Los estrenos traen anarquía, sexo y vampiros a la cartelera


Estrenos 25julio2014Dejamos atrás otro mes de este 2014, y lo hacemos con una serie de estrenos de lo más variopinto. Desde comedias hasta nuevos intentos por sustituir a las grandes sagas adolescentes de los últimos años, pasando por thrillers que tratan de hacer evolucionar fórmulas ya utilizadas o cintas que, simple y llanamente, abordan la violencia de un modo adulto. Ninguno de ellos se antoja, al menos en un primer momento, como un gran blockbuster, pero todos tratarán de hacer olvidar el buen sabor de boca dejado por la conquista de los simios. Eso sí, las novedades de hoy, 25 de julio, pueden atraer a todo tipo de espectadores, desde los fans de la comedia norteamericana moderna hasta los seguidores del cine europeo o asiático. Y como siempre, el repaso comienza con las producciones que nos llegan desde Estados Unidos.

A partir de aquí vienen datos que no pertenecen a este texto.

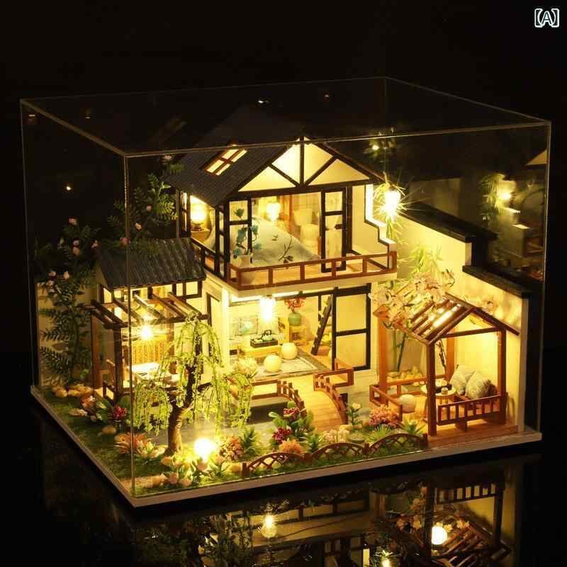 ミニチュアハウス 女性向け DIY 手作り 組み立てキット 中国風 建築模型 庭園 置物 オブジェ 誕生日 プレゼント ギフト 木製 ダストカバー付き 精巧 ホビー 大人向け 竹渓水苑
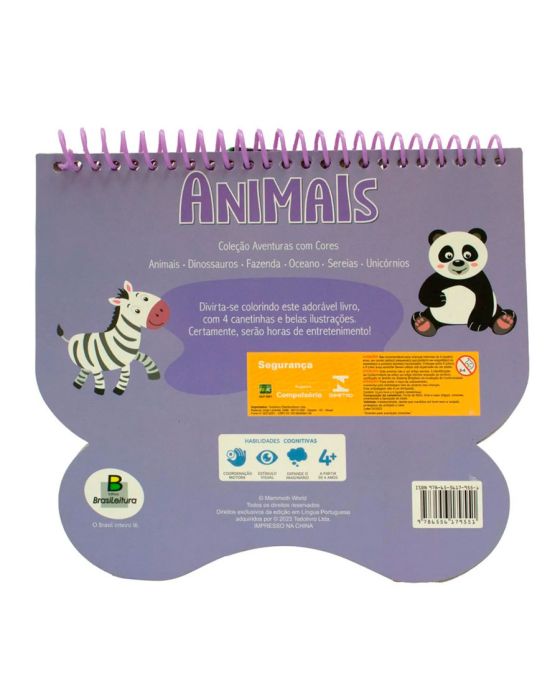 Características:Divirta-se colorindo este adorável livro, com 4 canetinhas e belas ilustrações, serão horas de entretenimento!Detalhes:- Marca: Todolivro;- Modelo: Aventuras com cores;- Coleção: Animais- Referência: 1174673;- Linha: Livros de colorir;- Capa: Capa flexível com laminação fosca e detalhes metalizados;- Quantidade de folhas: 24 folhas- Contém: 1 unidade do produto;- Formato: 21,5 x 19,5cm;- Faixa etária: A partir de 4 anos;- Acompanha: 4 canetinhas para colorir nas cores Verde, Amarelo, Rosa e Lilás;- Possui uma cartela de adesivos de animais;- Diversos desenhos para colorir e treinar coordenação.Habilidades Cognitivas:- Coordenação motora, estímulo visual, expande o imaginário.Medidas:- Dimensões do produto: 21,5 x 20 x 1,1cm (CxLxA).ATENÇÃO! NÃO RECOMENDÁVEL PARA CRIANÇAS MENORES DE 4 (QUATRO) ANOS POR CONTER PARTE(S) PEQUENA(S) QUE PODE(M) SER ENGOLIDA(S) OU ASPIRADA(S).* As especificações podem ser alteradas sem aviso prévio ** Imagem meramente ilustrativa.
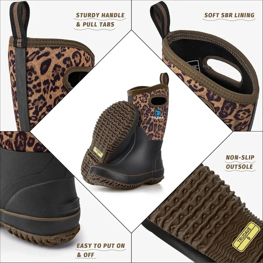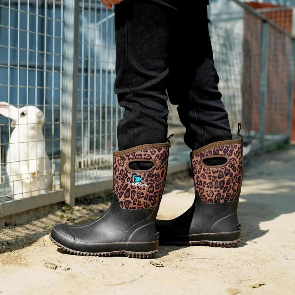 Trudave Rubber Boots for Women, Mid Calf Rain Boots, Womens Waterproof Boots, Neoprene Insulated Outdoor Work Mud Boots for Hunt

Entre ellas destaca sobremanera Sex Tape: Algo pasa en la nube, comedia que como su propio título indica aborda las grabaciones de sexo caseras. En concreto, la trama se centra en una pareja que ha perdido la llama de la pasión. Casados y con dos hijos, su vida laboral y familiar apenas les deja tiempo para ellos, por lo que una noche en la que finalmente logran quedarse solos deciden grabarse realizando todas las posturas de una guía sexual. Sin embargo, el vídeo es subido accidentalmente a la nube, comenzando una difusión viral por todo el mundo que deberán detener antes de que sea demasiado tarde. Esta gamberra y disparatada comedia está dirigida por Jake Kasdan, quien vuelve a contar con Cameron Díaz (Algo pasa con Mary) y Jason Segel (serie Cómo conocí a vuestra madre) después de que los tres colaborarán en Bad teacher (2011). Además de esta pareja, el reparto principal está integrado por Rob Corddry (Dolor y dinero), Ellie Kemper (Infiltrados en clase) y Rob Lowe (Behind the Candelabra).

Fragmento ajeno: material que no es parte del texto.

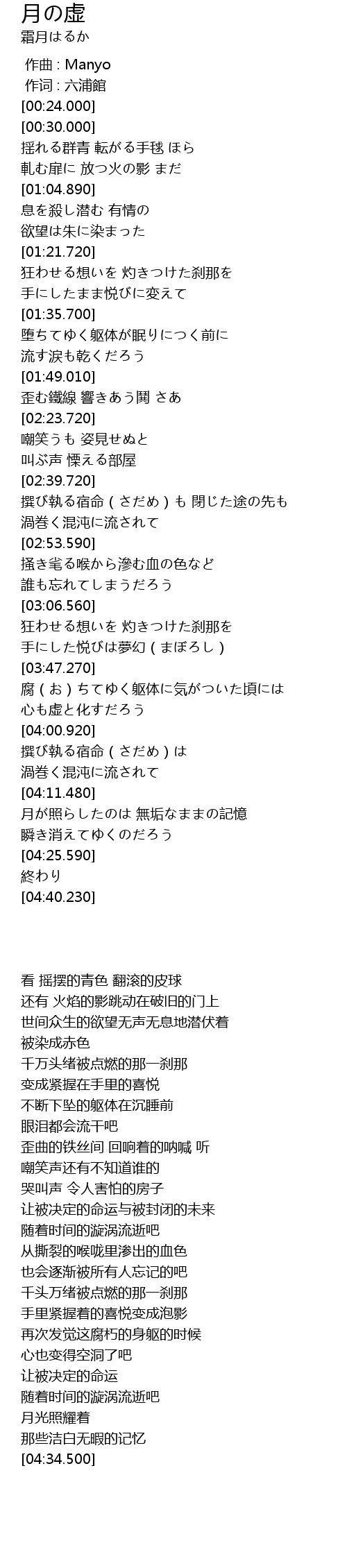 | [02:33.520] | 叫ぶ声 慄える部屋 |
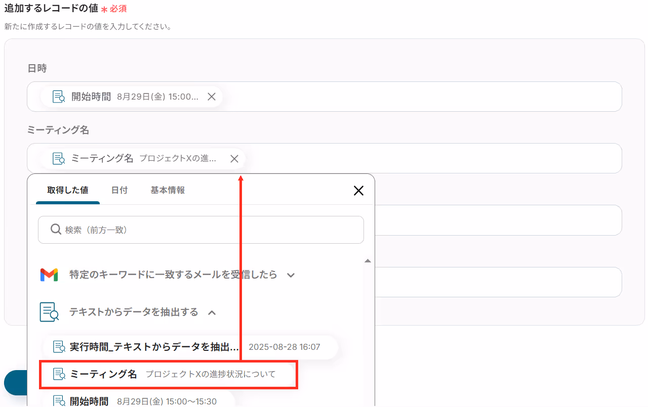 以下のようにステップ4で取得したアウトプットを選択すると、ミーティング情報を変数として反映させることができます。

Muy distinto es el cariz de Vampire Academy, adaptación de la novela adolescente escrita por Richelle Mead que busca, en cierto modo, ocupar el vacío dejado por sagas cinematográficas como Crepúsculo. A medio camino entre el drama, la ciencia ficción y la acción, el film narra la vida de una joven vampiresa de la realeza que vive enclaustrada en una academia donde se la educa para llegar a convertirse en la persona que está destinada a ser. Sin embargo, para encontrar su camino la joven deberá decidir entre hacer caso a sus sentimientos o acatar las estrictas directrices de su mentor, de quien poco a poco se enamora. Todo con la amenaza constante de aquellos que quieren verla muerta junto al resto de la familia real. Mark Waters (Chicas malas) es el elegido para poner en imágenes la historia, mientras que frente a la cámara encontramos a Zoey Deutch (Hermosas criaturas), Lucy Fry (serie Las sirenas de Mako), Olga Kurylenko (Oblivion), Danila Kozlovsky (Dukhless), Gabriel Byrne (El capital) y Sarah Hyland (serie Modern Family).

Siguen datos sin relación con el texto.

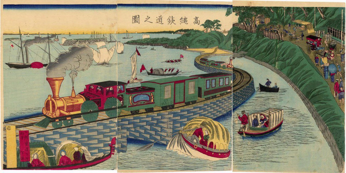 🍢 В эпоху Мэйдзи (конец XIX — начало XX века) Япония начала открываться для иностранного влияния и всего за несколько десятилетий адаптировала множество достижений Европы и США. В крупных городах стали появляться западные элементы в моде и архитектуре, а по всей стране проложили железнодорожные пути. Одним из символов Токио стала первая железная дорога с паровозом. Художник Цукиока Ёситоси изобразил её на ксилографии 1871 года, окружённую людьми в европейских нарядах: мужчины в цилиндрах и женщины в роскошных юбках и чепцах. В этот период Ёситоси также создал несколько других произведений с индустриальными мотивами, включая изображение поезда на набережной в заливе Синагава. #живопись #искусство #культура #азия #ксилография #япония #мэйдзи #ëситоси @ЛитМузБес
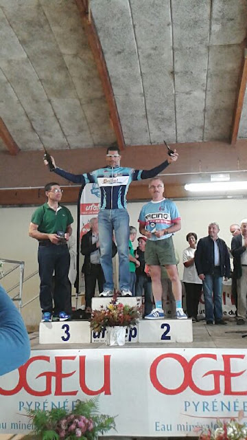 Après 2 semaines de thalasso , banyuls et vélo je viens de remettre les pendules à l’heure avec une victoire dans ma catégorie à Oloron et en guerrier (pluie, purée de pois et une tonne de gravillons dans la descente.) Et d’autres péripéties que je  raconterai une autre fois…
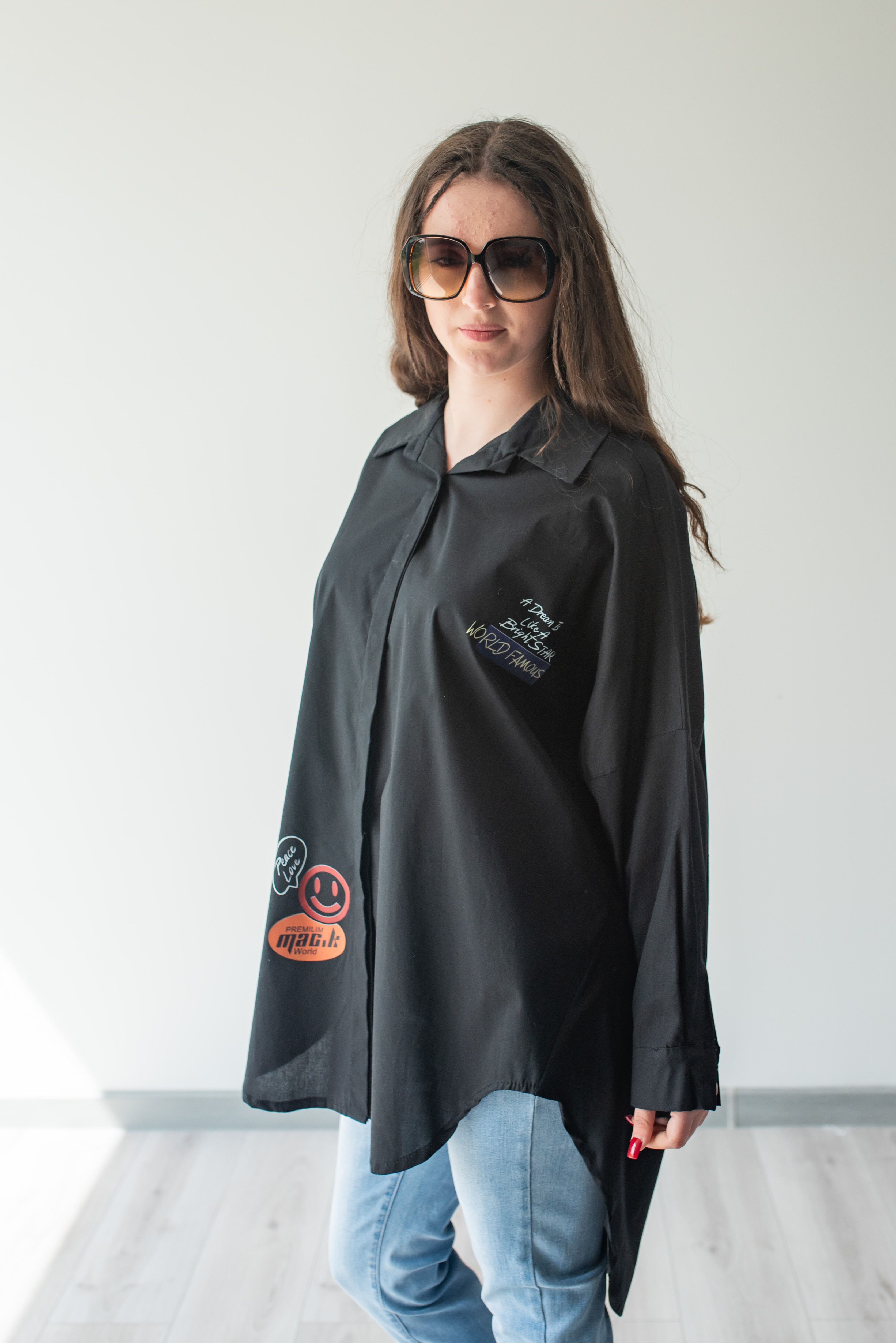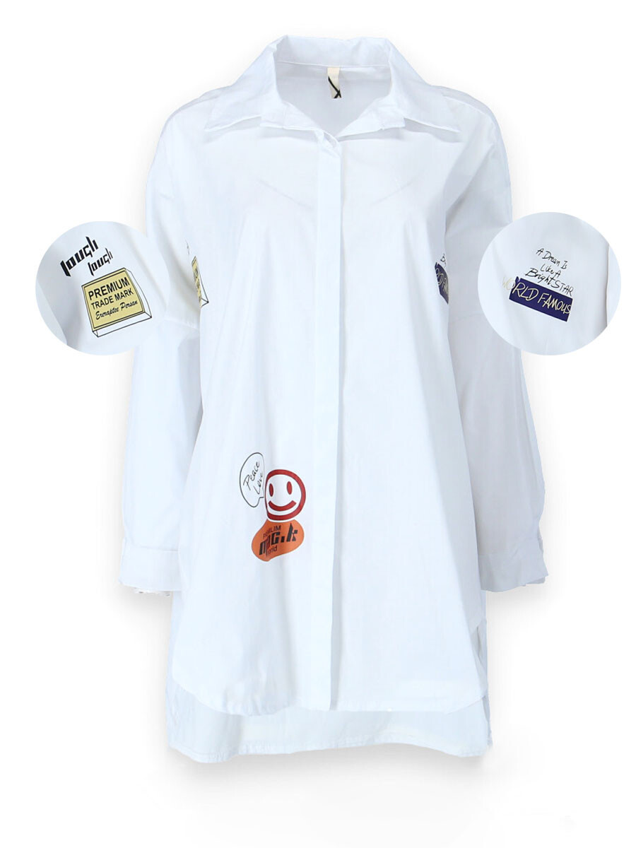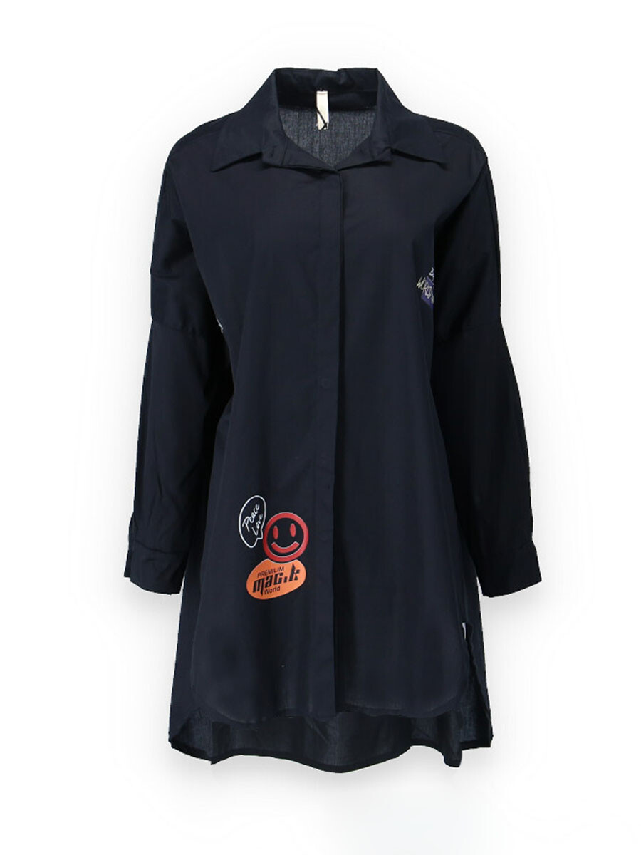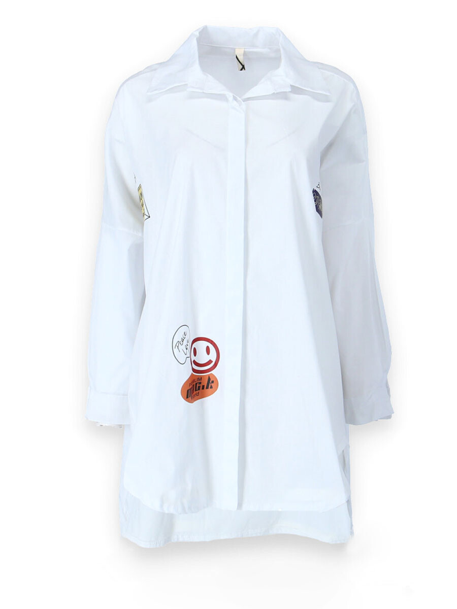 Dámská stylová košile oversize střihu s aplikací. Košile má dlouhý rukáv, je propínací a má prodlouženou zadní délku.
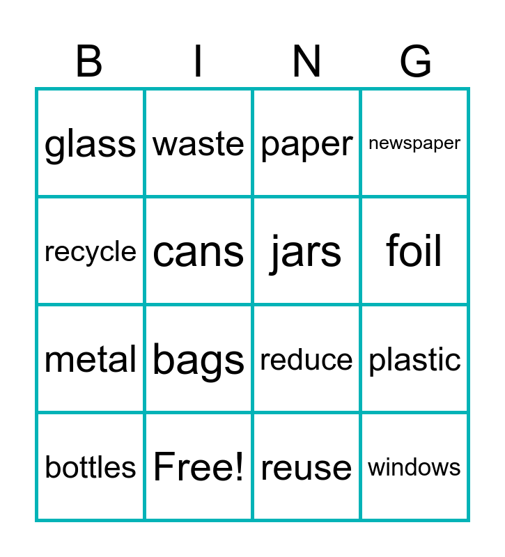 This bingo card has 16 words: Free!, plastic, paper, glass, metal, waste, reduce, reuse, recycle, cans, bottles, newspaper, bags, foil, jars and windows.

Otro de los estrenos más relevantes de la semana es la continuación de The Purgue: La noche de las bestias, película que el año pasado generó bastante impacto por la idea fundamental de su argumento: una noche al año el crimen es legal en Estados Unidos. Ahora, y bajo el título Anarchy: La noche de las bestias, el director James DeMonaco vuelve a esta particular noche anual para narrar lo que ocurre en los barrios menos elitistas durante estas horas. Un hombre que busca venganza, un grupo de jóvenes que buscan divertirse torturando a todo aquel con el que se encuentran y una pareja que debe sobrevivir en plena calle hasta el amanecer son las historias que se cruzan en esta ocasión. El reparto, en el que por cierto no repite ninguno de los intérpretes de la primera parte, está compuesto por Frank Grillo (Capitán América: El soldado de invierno), Michael K. Williams (serie Boardwalk Empire), Zach Gilford (serie The mob doctor), Kiele Sanchez (Escapada perfecta) y Carmen Ejogo (serie Hora cero).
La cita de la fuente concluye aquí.